__Study material__.
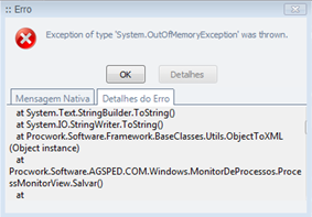 No momento de salvar o arquivo do Relatório de Análise Técnica, demostrava a mensagem:
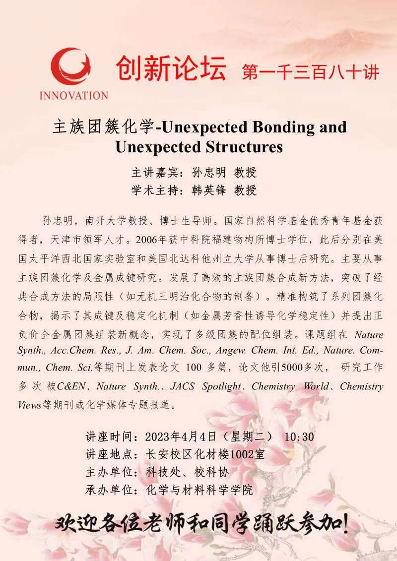 孙忠明 教授 星空app官网创新论坛第一千三百八十讲:主族团簇化学-Unexpected Bonding and Unexpected Structures 讲座时间 2023年4月4日(星期二) 10:30 讲座地点 长安校区化材楼1002室 讲座人介绍 孙忠明 教授 讲座内容
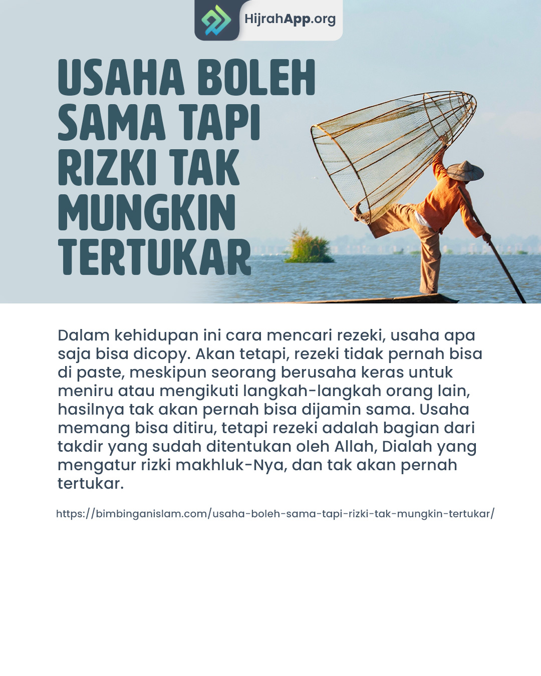 sumber : https://bimbinganislam.com/usaha-boleh-sama-tapi-rizki-tak-mungkin-tertukar/
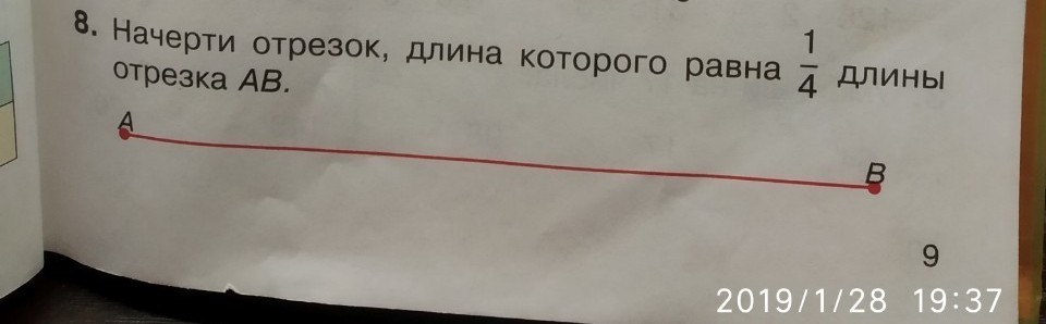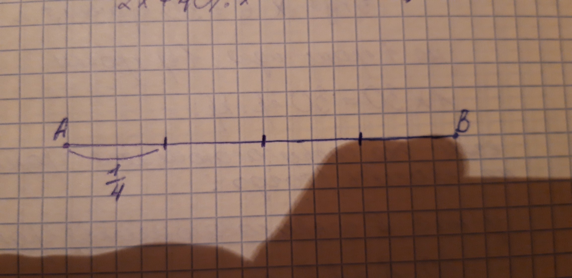 раздели отрезок АВ на 4 равные части, вот тебе и будет длина отрезка
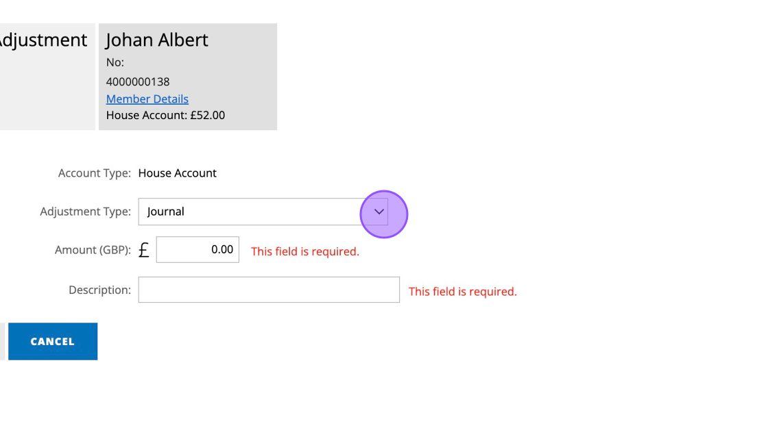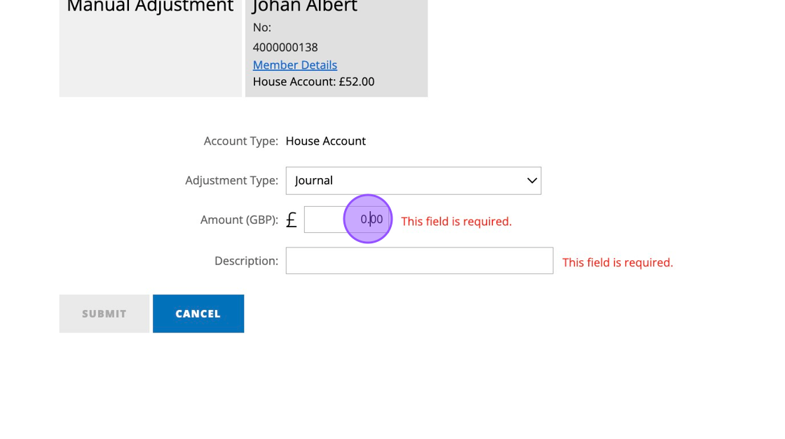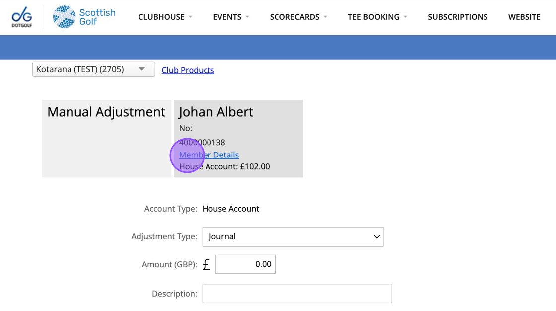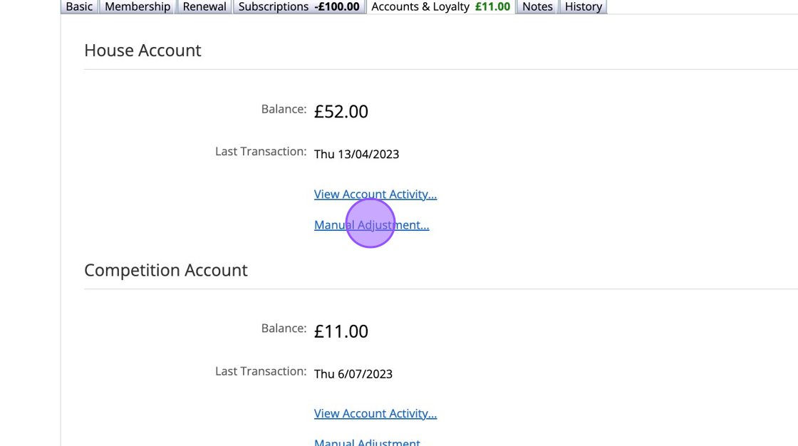 1. Go to the member you wish to manually edit their account balance. 2. Click "Accounts & Loyalty" to view their member accounts. 3. Click "Manual Adjustment..." under the account you wish to adjust 4. This drop down will give you the option to ...
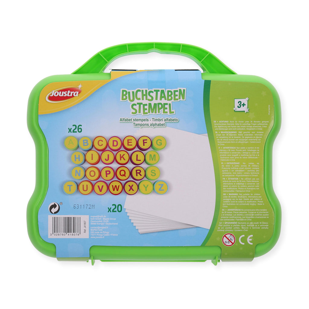 Avec cet ensemble de tampons conçu avec soin, l'apprentissage devient vraiment amusant ! Les lettres de tampon auto-encreurs dans une mallette pratique sont la combinaison parfaite entre jeu et apprentissage – idéal pour les petits découvreurs de l'ABC à partir de 3 ans.
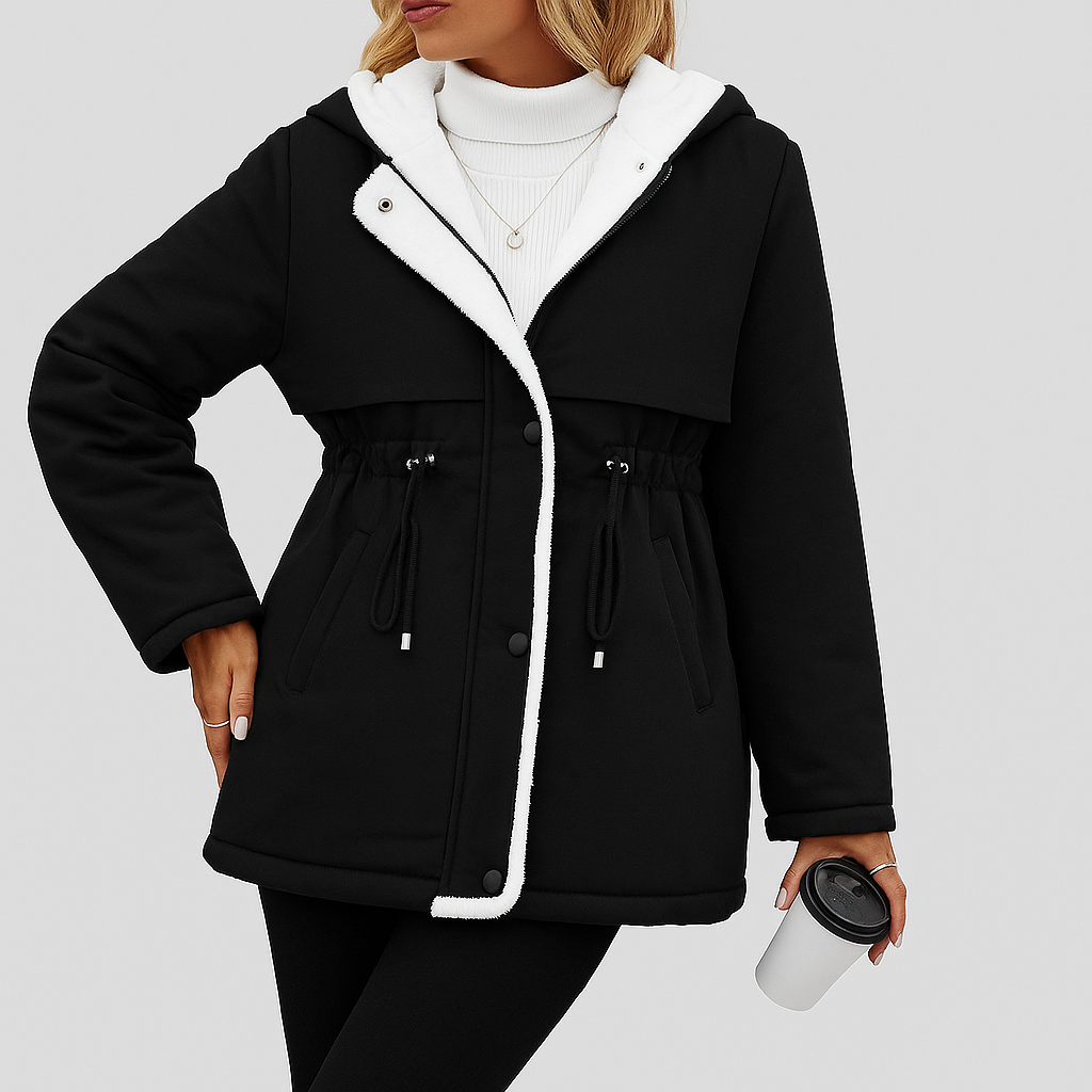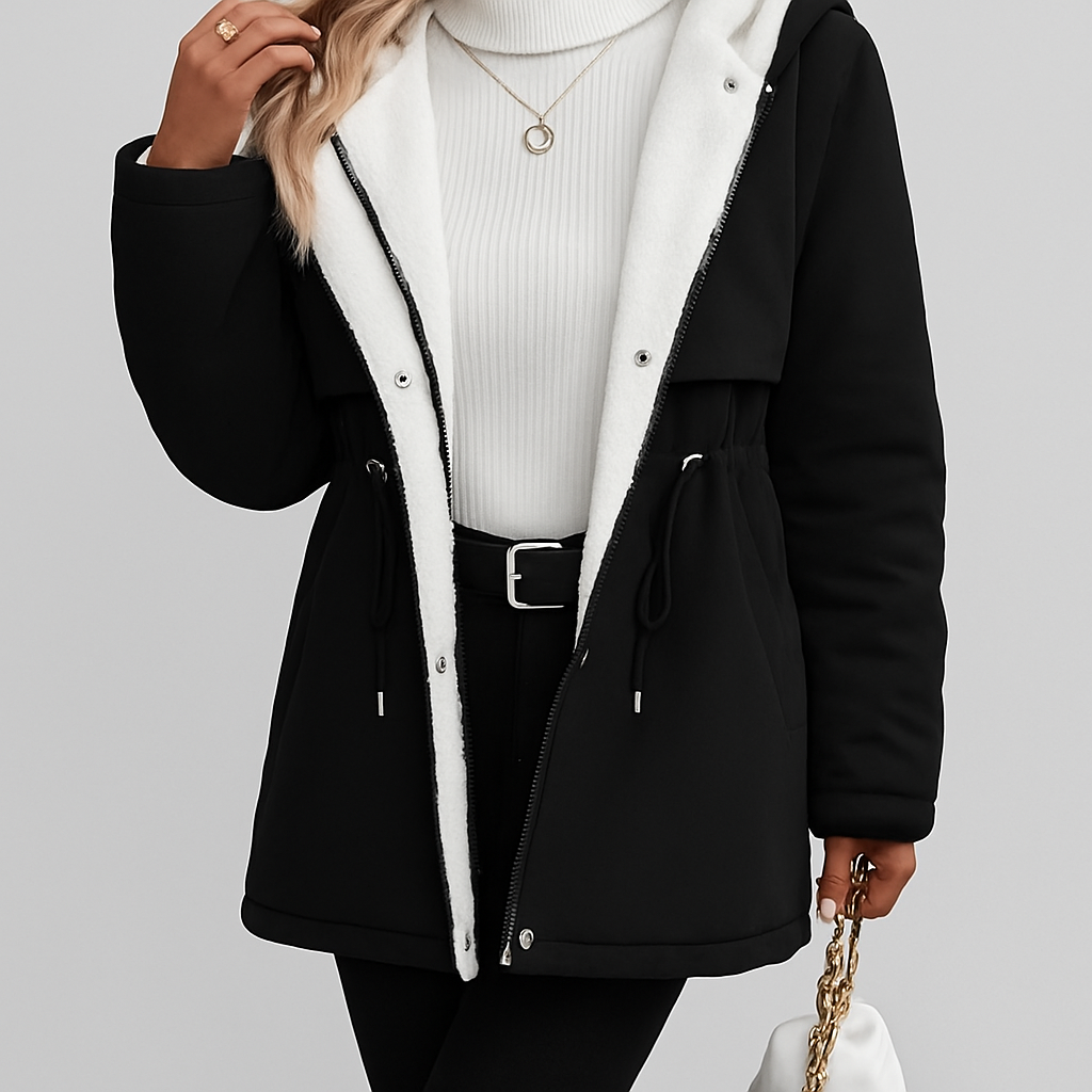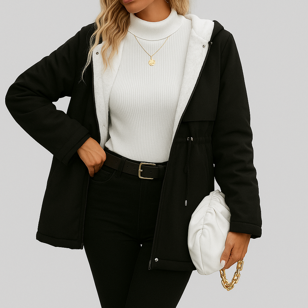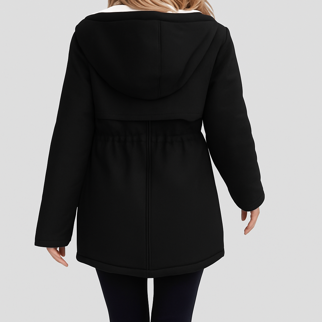Hochwertige Materialien, ein weiches Fleecefutter und eine schmeichelhafte Silhouette sorgen für ein luxuriöses Tragegefühl, während liebevoll gestaltete Details wie die verstellbare Taille und die warme Kapuze Funktionalität und Mode vereinen. Ob für den Stadtbummel, den Weg ins Büro oder den Wochenendausflug – dieser Mantel verleiht jedem Moment eine Note zeitloser Eleganz.

__Task requirements__.
Reproduce all of the material above word for word. Omit the pictures.

__Answer box__.
 No momento de salvar o arquivo do Relatório de Análise Técnica, demostrava a mensagem:
 孙忠明 教授 星空app官网创新论坛第一千三百八十讲:主族团簇化学-Unexpected Bonding and Unexpected Structures 讲座时间 2023年4月4日(星期二) 10:30 讲座地点 长安校区化材楼1002室 讲座人介绍 孙忠明 教授 讲座内容
 sumber : https://bimbinganislam.com/usaha-boleh-sama-tapi-rizki-tak-mungkin-tertukar/
 раздели отрезок АВ на 4 равные части, вот тебе и будет длина отрезка
 1. Go to the member you wish to manually edit their account balance. 2. Click "Accounts & Loyalty" to view their member accounts. 3. Click "Manual Adjustment..." under the account you wish to adjust 4. This drop down will give you the option to ...
 Avec cet ensemble de tampons conçu avec soin, l'apprentissage devient vraiment amusant ! Les lettres de tampon auto-encreurs dans une mallette pratique sont la combinaison parfaite entre jeu et apprentissage – idéal pour les petits découvreurs de l'ABC à partir de 3 ans.
Hochwertige Materialien, ein weiches Fleecefutter und eine schmeichelhafte Silhouette sorgen für ein luxuriöses Tragegefühl, während liebevoll gestaltete Details wie die verstellbare Taille und die warme Kapuze Funktionalität und Mode vereinen. Ob für den Stadtbummel, den Weg ins Büro oder den Wochenendausflug – dieser Mantel verleiht jedem Moment eine Note zeitloser Eleganz.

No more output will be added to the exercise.